People rely on a nearly infinite range of products in their everyday lives, such as home appliances, computers, automobiles, and even clothing. A defect or dangerous condition in any of these products could cause serious injury. So that people do not have to spend every waking moment worrying about the safety of everything they touch, our legal system has devised several mechanisms to protect consumers from dangerous or defective products in the marketplace. Product safety laws establish guidelines for products before they ever become available to the public, in the hope of preventing injuries from occurring at all. Companies may issue a recall of a product known to be dangerous or defective, or the government may order a recall. If an injury does occur due to a dangerous or defective product, the law of products liability provides the injured party with a means to hold the manufacturer, distributor, or seller of the product liable.
Breach of Warranty vs. Product Safety
Product safety laws generally apply to products that have been determined to have a defect or dangerous condition that affects all or many of the units of the product. If a product is defective, but the defect is unique to that particular unit, the purchaser might have a claim for breach of warranty.
Product Safety Laws
Congress enacted the Consumer Product Safety Act (CPSA) in 1972 for the purposes of protecting consumers against the risk of injury due to consumer products, enabling consumers to evaluate product safety, establishing consistent safety standards, and promoting research into the causes and prevention of injuries and deaths associated with unsafe products. The law created the Consumer Product Safety Commission (CPSC) as an independent government agency with the authority to establish product safety standards, investigate potentially dangerous products, and order recalls of products determined to be dangerous. If no safe alternative to a product is possible, the CPSC also has the authority to ban the product entirely.
The CPSC is responsible for enforcing other federal consumer protection statutes as well, including the Federal Hazardous Substances Act, the Child Safety Protection Act, and the Labeling of Hazardous Materials Act.
The CPSC maintains a website, first launched in 2011, where consumers can report defective products. Shortly after the site’s launch, a company sued to prevent the site from publishing what it called a “materially inaccurate” report that linked its product to the death of an infant. It also sought to remain anonymous during the course of the case, claiming that attaching its name to the lawsuit would cause as much damage as the report it sought to suppress. A federal appeals court ruled in April 2014 that the company cannot litigate anonymously, holding that the public and the press have a right to information about the case. Company Doe v. Public Citizen, et al., 749 F.3d 246 (4th Cir. 2014).
A product recall is a request to return a product, usually after the discovery of a defect or other safety issue. Companies may issue a recall voluntarily based on their own or the government’s investigation as a means of avoiding liability for injuries caused by the product. The government may also order a company to issue a recall. The company must replace the dangerous or defective product for any consumer who returns it, or must make some comparable form of compensation.

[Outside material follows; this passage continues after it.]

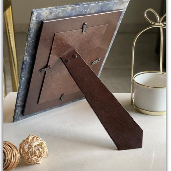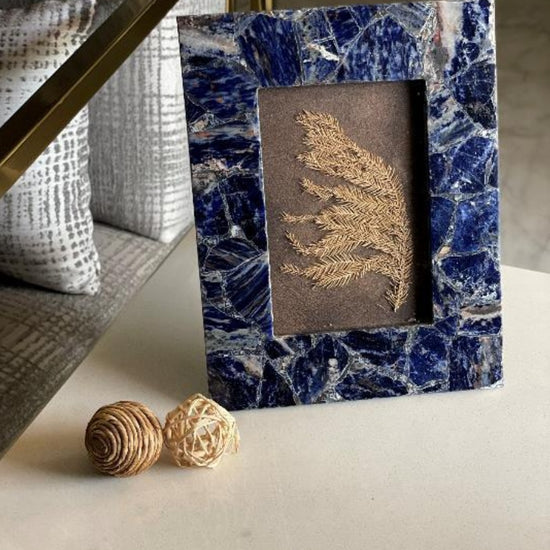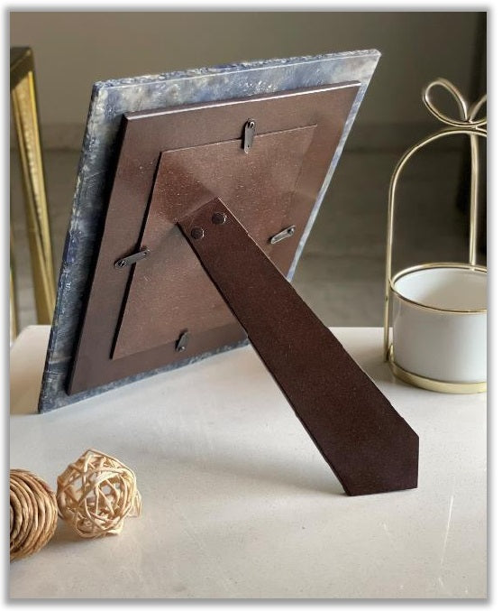Enhance your home decor with our Blue Sodalite Photo Frame. This unique piece features a beautiful fusion of traditional handwork and modern design, crafted with care using precious stone. The perfect addition to any side table, it adds an attractive touch to your living space.

Several federal agencies besides the CPSC may order recalls of consumer products. The Food and Drug Administration has authority over food and pharmaceutical products, while the U.S. Department of Agriculture may order recalls of meat, poultry, and eggs. Recalls of automobiles, aircraft, and boats are under the authority of the National Highway Traffic Safety Administration, the Federal Aviation Administration, and the U.S. Coast Guard, respectively. All of the agencies maintain a website that provides information on product recalls.
The tort claim of products liability exists at the state level. There is no federal products liability statute. If a dangerous or defective product causes an injury, the injured person may recover damages from the responsible party, usually based on the type of defect.
A design defect occurs before the product is ever assembled or produced, often making the product inherently unsafe. A manufacturing defect occurs during the production process and therefore may only affect some units of the product. A marketing defect is when the product might not have any physical defects, but it is unsafe for use according to its advertising materials.